- Reds10 delivered a full‑scale modular prototype of a standardised Hospital 2.0 inpatient bedroom, enabling the NHP to test clinical functionality, digital integration and operational workflows before national rollout.
- The prototype reduces risk and accelerates delivery, allowing more than 1,500 stakeholders to review and refine the design early.
- Built in just 30 days at Reds10’s advanced offsite facility, the prototype demonstrates the sustainability, efficiency and accuracy of industrialised construction.
Reds10 delivered a full‑scale modular prototype of a standardised Hospital 2.0 inpatient bedroom, enabling the New Hospital Programme to test clinical functionality, digital integration and operational workflows before national rollout.
The prototype reduces risk and accelerates delivery, allowing more than 1,500 stakeholders to review and refine the design early—avoiding costly late‑stage changes and supporting the NHS’s push for standardised, repeatable hospital construction.
Built in just 30 days at Reds10’s advanced offsite facility, the prototype demonstrates the sustainability, efficiency and accuracy of industrialised construction, supporting the NHS’s long‑term Net Zero and modernisation goals.
What Reds10 Delivered
The New Hospital Programme (NHP) commissioned Reds10 to deliver a full scale modular prototype of a standardised inpatient bedroom, designed to accelerate the government’s Hospital 2.0 programme. Hospital 2.0 is the NHP’s new approach to delivering the next generation of hospitals—standardised, repeatable, and clinically optimised spaces designed for faster and more cost effective construction.
This allowed the NHP to test the room as a complete operational environment, ensuring it meets clinical, estates, digital, infection control and patient experience requirements.
Reds10 produced a prototype that includes:
- a fully furnished inpatient bedroom
- an ensuite bathroom pod
- the adjoining corridor space
The prototype enables the NHP to evaluate functionality before full-scale national deployment, ensuring a “right‑first‑time” approach to the construction of future hospitals across England.
DELIVERING A FUTURE READY HEALTHCARE ENVIRONMENT
This prototype plays a critical role in validating:
- spatial layout and clinical workflow
- mechanical, electrical and plumbing (MEP) interfaces
- accessibility and operational efficiency
- integration of digital systems and modern technologies
By prototyping early, the NHP can resolve design challenges in a controlled environment rather than on live hospital construction sites, significantly reducing project risk.
The model also supports patient safety improvements, infection control optimisation, and design refinements that would be difficult to achieve late in the programme.
DESIGN & LAYOUT HIGHLIGHTS
Internal Design
The room was developed through collaboration between clinical experts, technical specialists and user groups.
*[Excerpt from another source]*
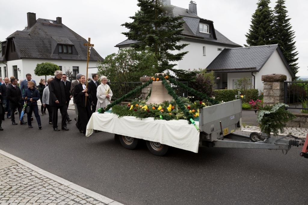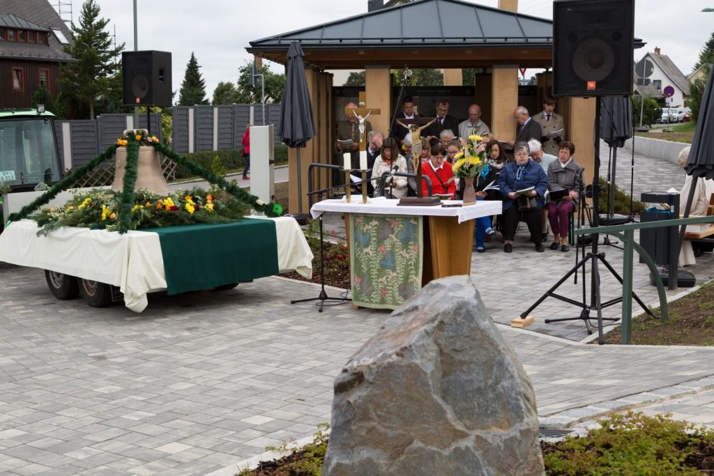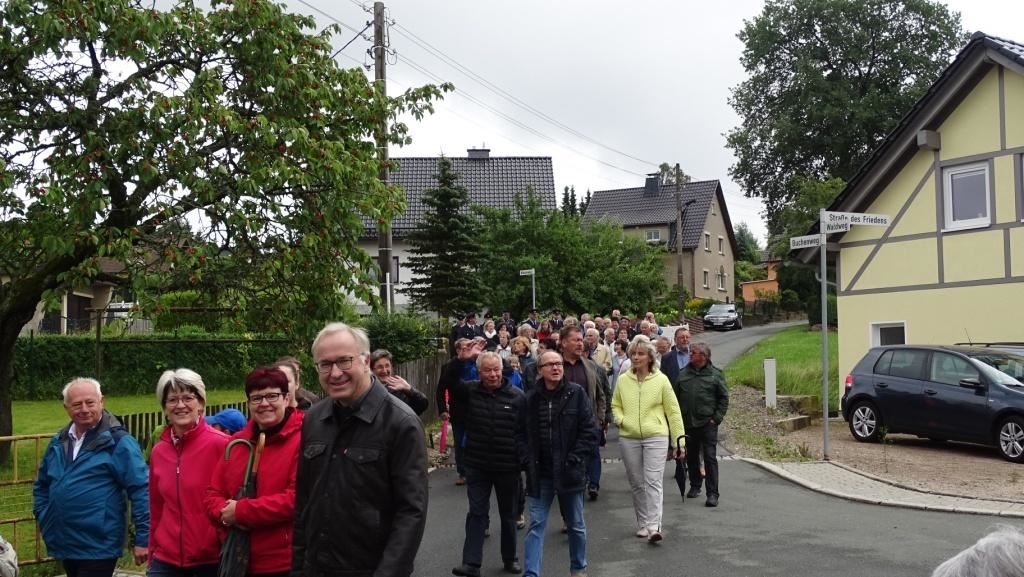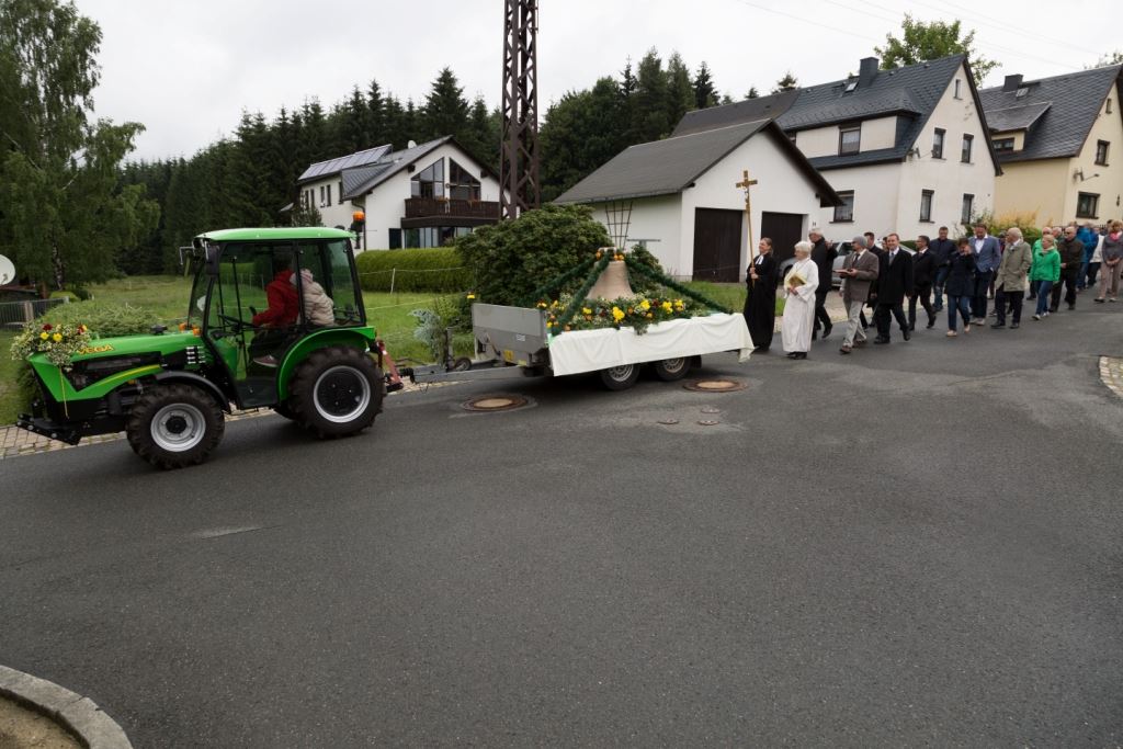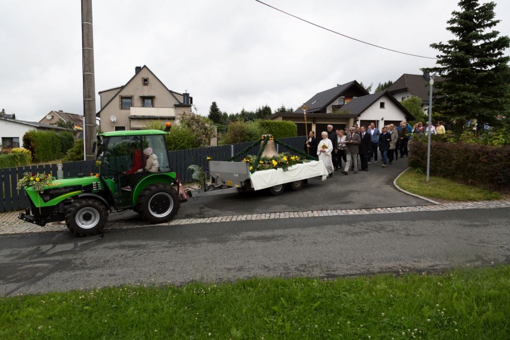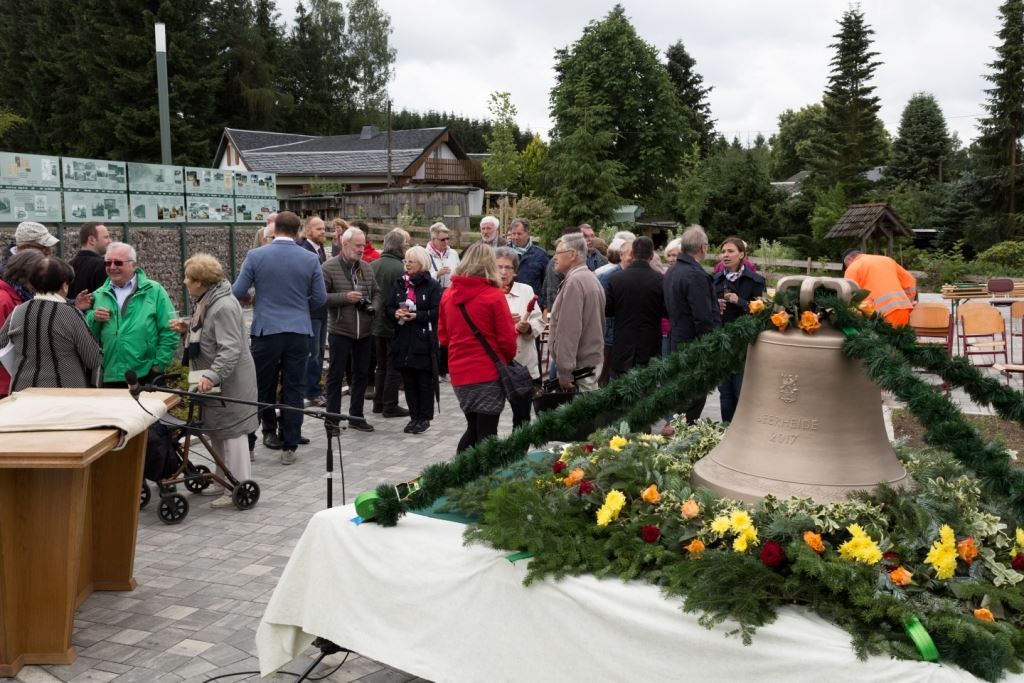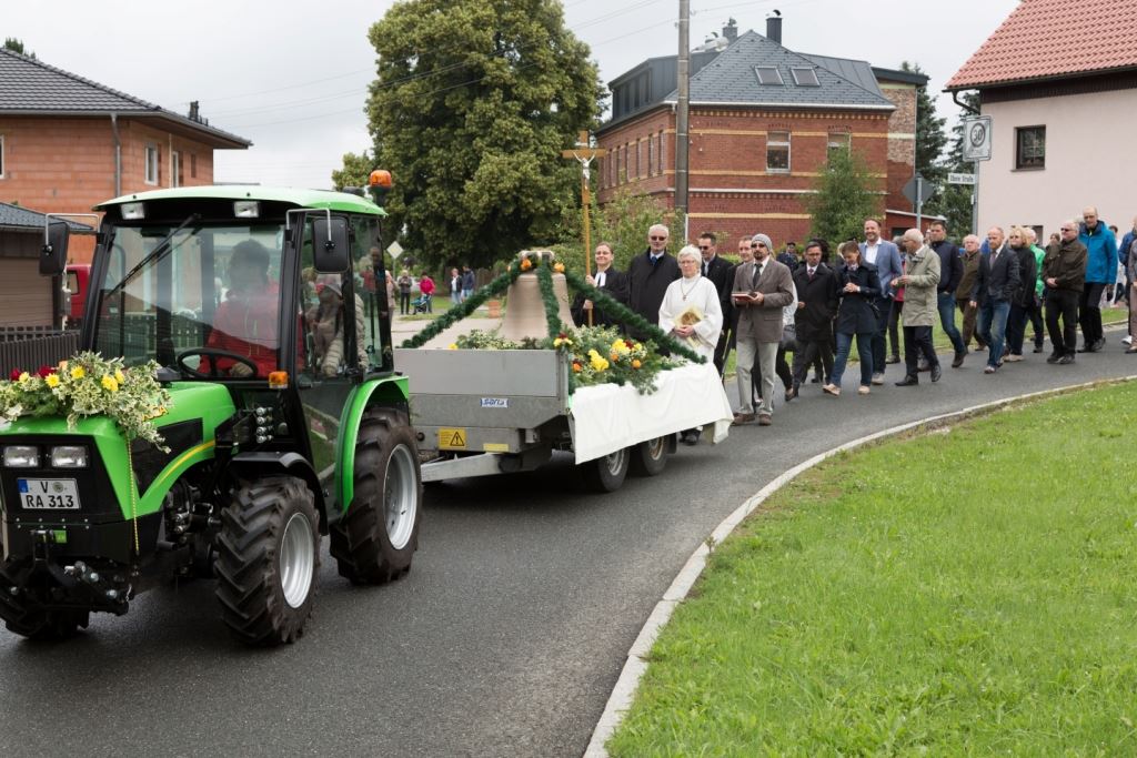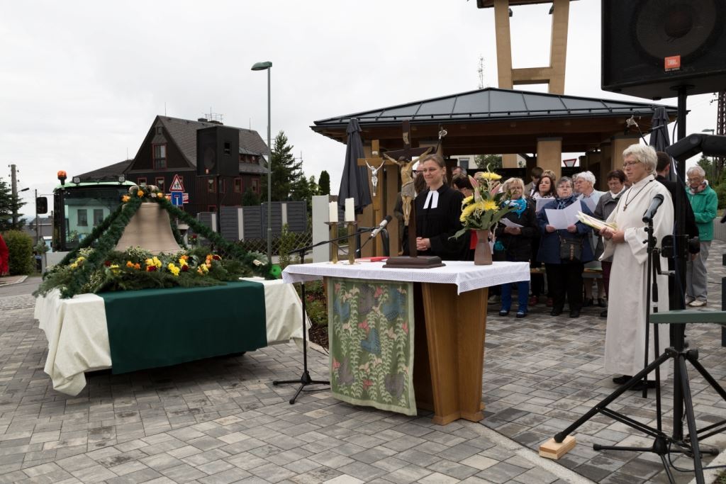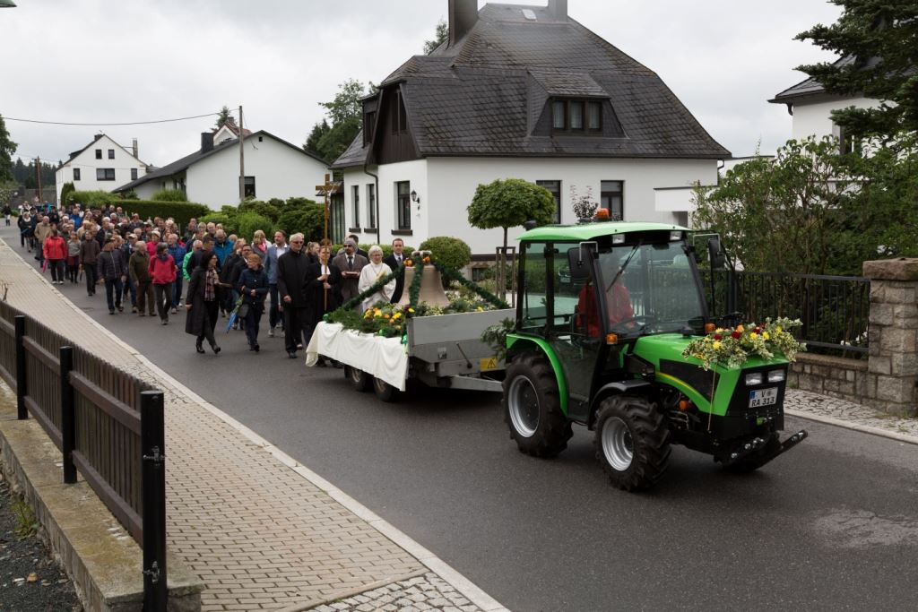 Am Sonntag, dem 24. Juni fand als Höhepunkt der Feierlichkeiten zum Partnerschaftstreffen ein Festumzug und Ökumenischer Open-Air-Gottesdienst mit Weihe der Beerheider Glocke statt. Betreiber dieser Glocke wird die Evangelische St.-Laurentius-Kirchgemeinde Auerbach sein. Ein herzlicher Dank geht an all diejenigen, die diesen Tag vorbereitet und durchgeführt haben; zu danken ist unserer Stadt Auerbach mit Stadtrat und Stadtverwaltung für die Unterstützung beim Bau und der Einweihung des Ortsplatzes, der Evangelischen und Katholischen Kirchgemeinde zu Auerbach mit Frau Pfrn. Dr. Schmutzler und Frau Mahler sowie dem Kirchen- und Posaunenchor unter Leitung von Herrn KMD Meier für die Ausgestaltung des Gottesdienstes, dem Jugendblasorchester Auerbach unter Leitung von Andreas Schmidt für die Mitwirkung beim Festumzug, den städtischen Mitarbeitern im Bauhof, dem Ordnungsamt und dem Bereich Marktwesen sowie allen im Vorfeld beteiligten Verwaltungsmitarbeitern- besonders im Bereich Bauwesen und Finanzen. Ein besonderer Dank geht an die zahlreichen ehrenamtlichen Mitstreiter, die aus Beerheide von der Kirchgemeinde und der Landeskirchlichen Gemeinschaft zusammen mit dem Ortschaftsrat diesen Festtag geplant, vorbereitet und gestaltet haben. Danke auch allen Besuchern, die als Gäste begrüßt werden konnten – so kamen neben den Freunden aus der Partnergemeinde zur Beerheider Ortsplatzeinweihung auch die vogtländische Bundestagsabgeordnete Yvonne Magwas, der Landtagsabgeordnete unseres Wahlkreises Sören Voigt, der Stellvertreter des Oberbürgermeisters unserer Stadt Auerbach Joachim Otto sowie mehrere Stadträte, Vertreter der Stadtverwaltung, des Kirchenvorstandes der St.-Laurentiuskirchgemeinde Auerbach, Mitglieder der Beerheider Vereine und Interessengemeinschaften und zahlreiche weitere Einwohner aus unserer Ortschaft sowie Gäste aus Auerbach und aus den Nachbargemeinden.

It reflects:
- standardised bed positioning and clinical workflow routes
- patient centric layouts to support dignity and recovery
- integrated ensuite for improved infection control
- coordinated equipment zones and storage
- therapy, monitoring and digital ready features
This holistic design approach allows the NHS to assess how the space performs for all disciplines—nurses, therapists, estates teams, infection control specialists and patient forums.
External and Systems Integration
The corridor portion of the prototype allows the NHP to review:
- wayfinding and visibility lines
- logistics and equipment movement
- cleaning and maintenance access
- MEP service runs and coordination
This whole system testing is central to Hospital 2.0’s aim of avoiding costly late stage modifications.
SUSTAINABILITY AT THE HEART OF THE BUILD
The prototype demonstrates the potential of offsite industrialised construction to support the NHS’s long term sustainability goals. Reds10 manufactured the room at its 300,000 sq ft advanced facility in Driffield, which uses automated and data driven production processes to maximise efficiency and minimise waste.
Standardisation under Hospital 2.0 enables:
- improved material efficiency
- reduced carbon through repeatable manufacturing
- faster build cycles
- reduced disruption on hospital sites
- long-term operational efficiencies based on identical layouts
This modular approach supports the NHS’s commitments to Net Zero Carbon and resilient estate planning.
IMPACT & INNOVATION
Reds10’s delivery of the inpatient bedroom prototype is a cornerstone of the NHP’s Hospital 2.0 model.
The approach will:
- accelerate hospital delivery
- increase productivity through standardisation
- reduce overall programme costs
- ensure facilities are clinically tested and future ready
- create a national library of components and learning for ongoing iterations
If adopted, the room will become the standardised inpatient bedroom across the entire New Hospital Programme.